=== Work request ===
Copy out exactly the lines from the one containing "Celebrate a milestone" to the last line of the records below, both included, and leave out any pictures.

=== Records supplied ===
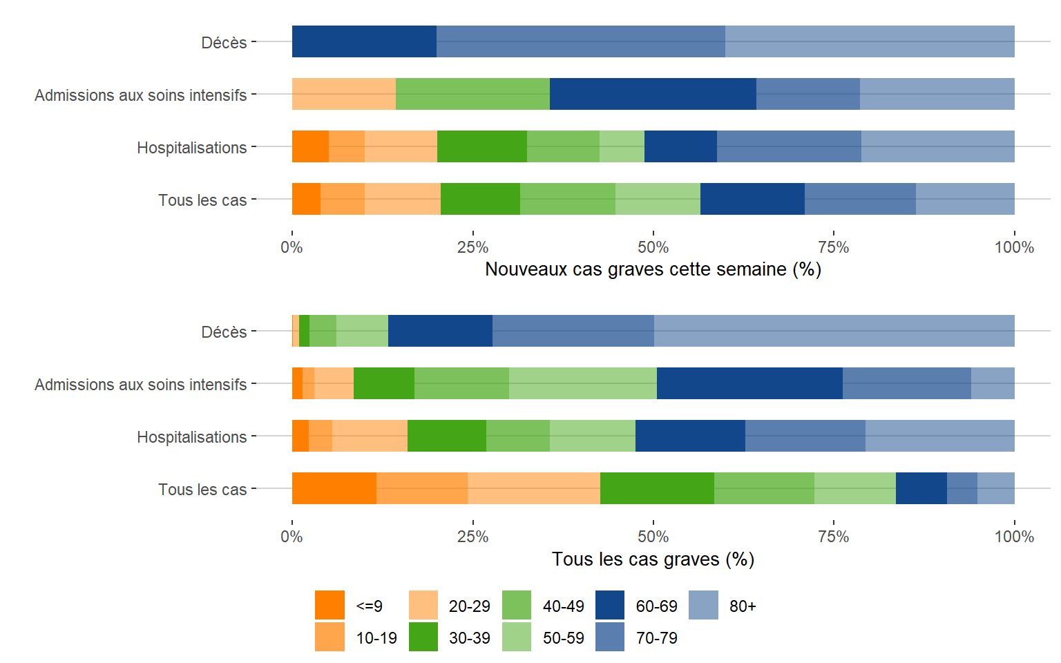 Figure 9. Répartition des cas graves de COVID-19 selon l’âge par rapport à tous les cas au Manitoba du 13 mars 2020 au 11 juin 2022
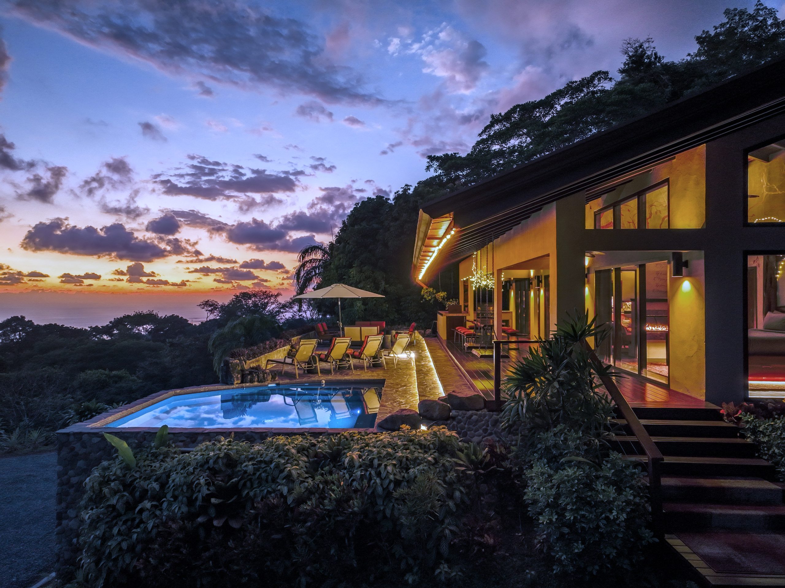 La casa, de 258 m², está cuidadosamente orientada para aprovechar una vista panorámica de 180° hacia el Pacífico, regalando atardeceres espectaculares que abarcan desde la Península de Osa hasta la Isla del Caño. La constante brisa marina y de montaña mantiene el ambiente fresco y agradable durante todo el día.
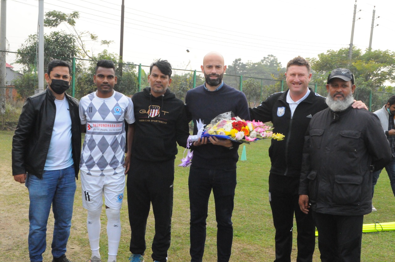 The head coach of Bangladesh national football team Spanish citizen Mr. Javier Fernandez Cabrera Martin Penato, Assistant Coach of Bangladesh National Football Team Mr. Masood Parvez Kaiser and Technical Director of BFF Mr. Paul Thomas Smalley observed the training activities of the players of North Baridhara Club today at 3:00 pm and met the officials and players of the club.
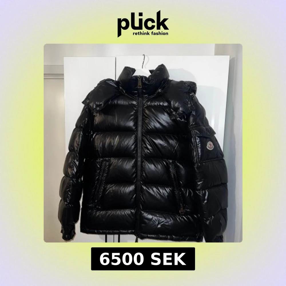 Säljer en svart pufferjacka från Moncler med glansig finish, hög krage och huva. Jackan har dragkedja framtill, fickor med dragkedja och en Moncler-logga på ärmen. Modellen är MAIRE, storlek 1 vilket motsvarar en EU S. Kvitto finns även tillgängligt. Finns en liten skrapa på insidan av jackan, bara nån millimeter som knappt syns.
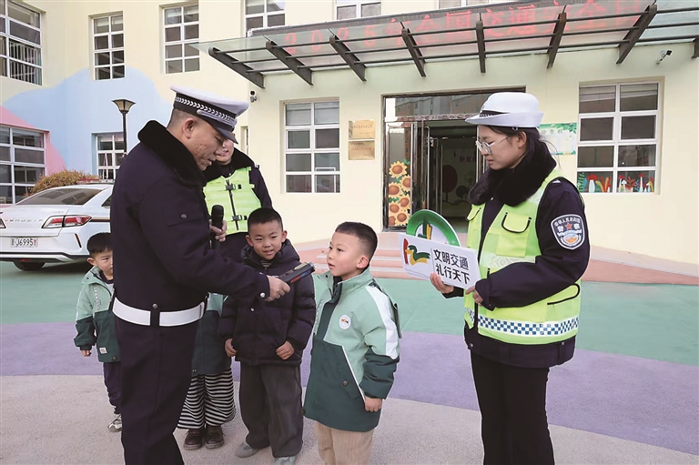 当日下午,交管大队民辅警走进龙山幼儿园,为孩子们带来了一场沉浸式交通安全宣传“盛宴”。活动分四个阶段有序开展:趣味开场环节,民警用生动形象的语言、趣味十足的提问,引导幼儿关注交通安全;警车科普与盲区体验环节,民警详细讲解警车功能及警灯、警笛的作用,通过现场演示和实景体验,让孩子们直观认识车辆盲区的危险,学会远离车辆危险区域;警用装备展示环节,民辅警将单警装备按“防护装备、执法装备、交通装备”分类摆放,逐一介绍装备用途;最后,民警通过交通安全儿歌回顾活动核心内容,开展趣味问答互动,为答对问题的幼儿发放精美礼品,并组织幼儿与警车、民警合影留念,活动在欢乐祥和的氛围中圆满结束。
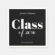 Celebrate a milestone moment with these elegant black and white graduation party napkins, fully personalized with the graduate’s name, class year, and a custom message. Perfect for high school or college graduation parties, these customizable napkins add a meaningful and polished touch to your table décor. The classic monochrome design pairs effortlessly with any school colors or party theme, making them a stylish and practical detail that honors your graduate in a truly personal way.
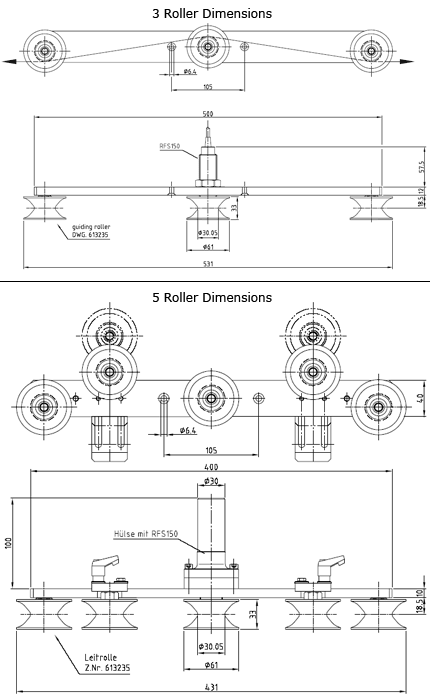 導(dǎo)輥 | V槽,U槽或扁圓柱(帶或不帶法蘭) |

=== Expected answer ===
 Celebrate a milestone moment with these elegant black and white graduation party napkins, fully personalized with the graduate’s name, class year, and a custom message. Perfect for high school or college graduation parties, these customizable napkins add a meaningful and polished touch to your table décor. The classic monochrome design pairs effortlessly with any school colors or party theme, making them a stylish and practical detail that honors your graduate in a truly personal way.
 導(dǎo)輥 | V槽,U槽或扁圓柱(帶或不帶法蘭) |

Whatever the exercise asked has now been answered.